Atomicity: A transaction is an inseparable unit of work that either succeeds or fails. If a SQL statement fails in a transaction, the executed statement must be rolled back and the database reverts to its pre-transaction state

The implementation of Atomicity depends on the MySQL transaction log type of undo log. When a transaction needs to be rolled back, the database state needs to be rolled back to before the transaction starts, that is, all SQL statements that have been successfully executed need to be cancelled. So undo log plays a key role:

When a transaction changes the database, InnoDB generates the correspondingundo log; If the transaction fails or is calledrollback, causing the transaction to need to be rolled back, can be usedundo logThe information in rolls back the data to where it was before the modification.

So what is an undo log? How is each data change operation recorded?

Undo log

Undo log: Logs are recorded in the form of segments. Each undo operation occupies an undo log segment. Why is the corresponding Undo log recorded during the data change operation? Its purpose is to:

  • To ensure atomicity of the data, a version prior to the transaction is recorded for rollback,
  • throughmvcc+undo logImplement InnoDB transaction repeatable reads and read committed isolation levels.

The undo log is divided into:

  • insert undo log :insertGenerated in an operationundo log.
  • update undo log:deleteupdateOperationally generatedundo log

How does the undo log record data changes?

Because the records of insert operations are visible only to the transaction itself, they are not visible to other transactions. Therefore, the undo log can be deleted after the transaction is committed without the need for the Purge operation.

A Delete operation does not actually Delete a row in a transaction. Rather, it is a Delete Mark operation that identifies a Delete_Bit on a record without deleting the record. It is a “fake delete” that is marked as a “purge” thread in the background.

Update is divided into two cases: whether the update column is a primary key column.

  • If it’s not a primary key column, inundo logHow about a direct reverse record inupdate. namelyupdateIt’s direct.
  • If it’s a primary key column,updateThis is done in two parts: delete the row and insert the target row.

Unlike insert undo log, Update undo log does not delete the undo log immediately when a transaction is committed.
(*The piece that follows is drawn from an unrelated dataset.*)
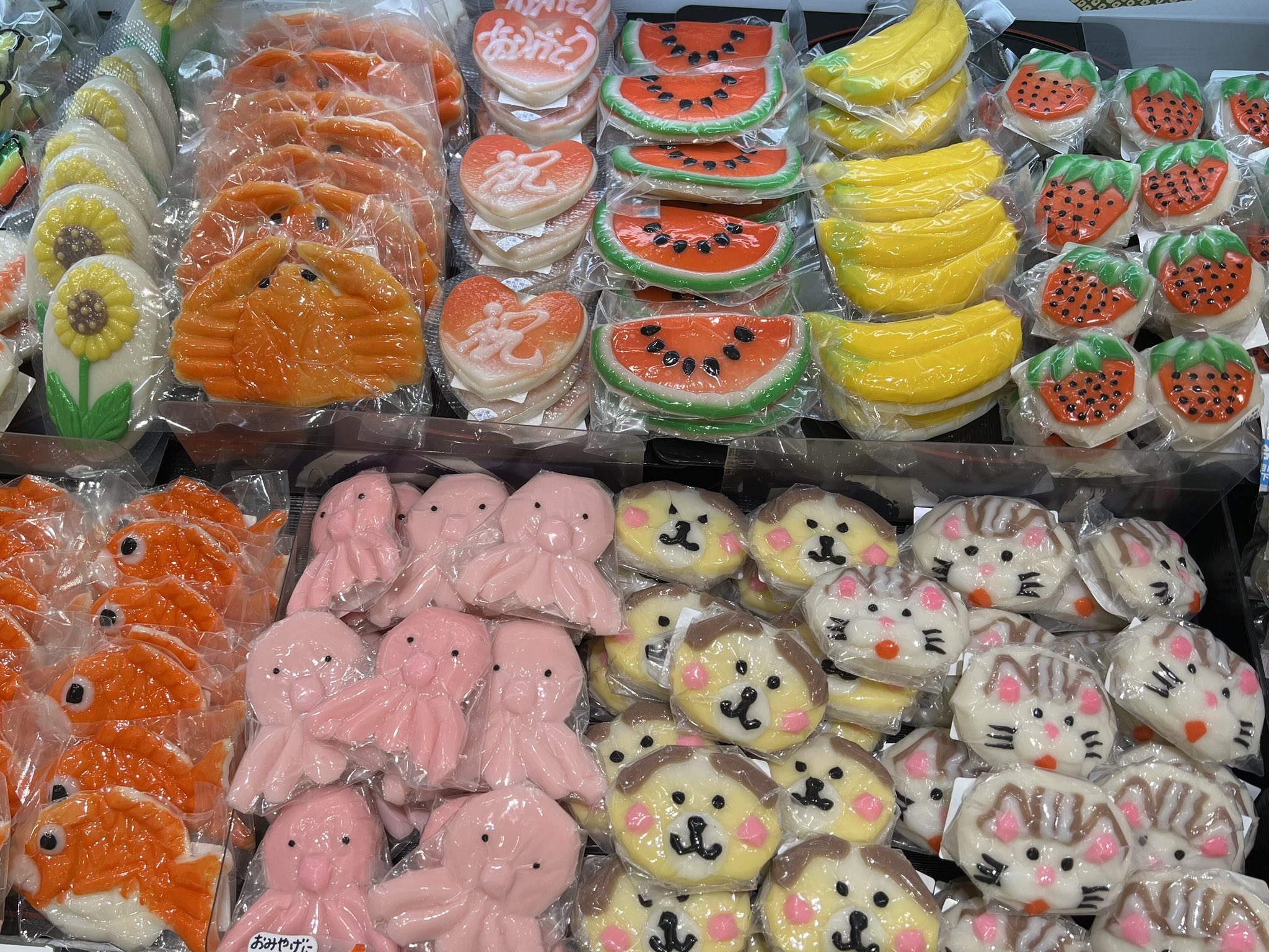 このバリエーションは初めて見た。お盆仕様かな…冬には雪だるまが出てきてバレンタインデーにはハートで山盛りになるかまぼこ売り場。

Innodb will place the undo log corresponding to the transaction in the delete list, which will be deleted through the Purge thread in the future.

Because undo log may be used later, for example, when the isolation level is REPEATable Read, the transaction reads the latest version of the commit row when the transaction is started. As long as the transaction does not end, The version of the row cannot be deleted (that is, undo log cannot be deleted), and the pages allocated by undo log can be reused to reduce storage space and improve performance.

Note: The purge thread has two main functions: to purge undo pages and to purge rows marked with Delete_Bit.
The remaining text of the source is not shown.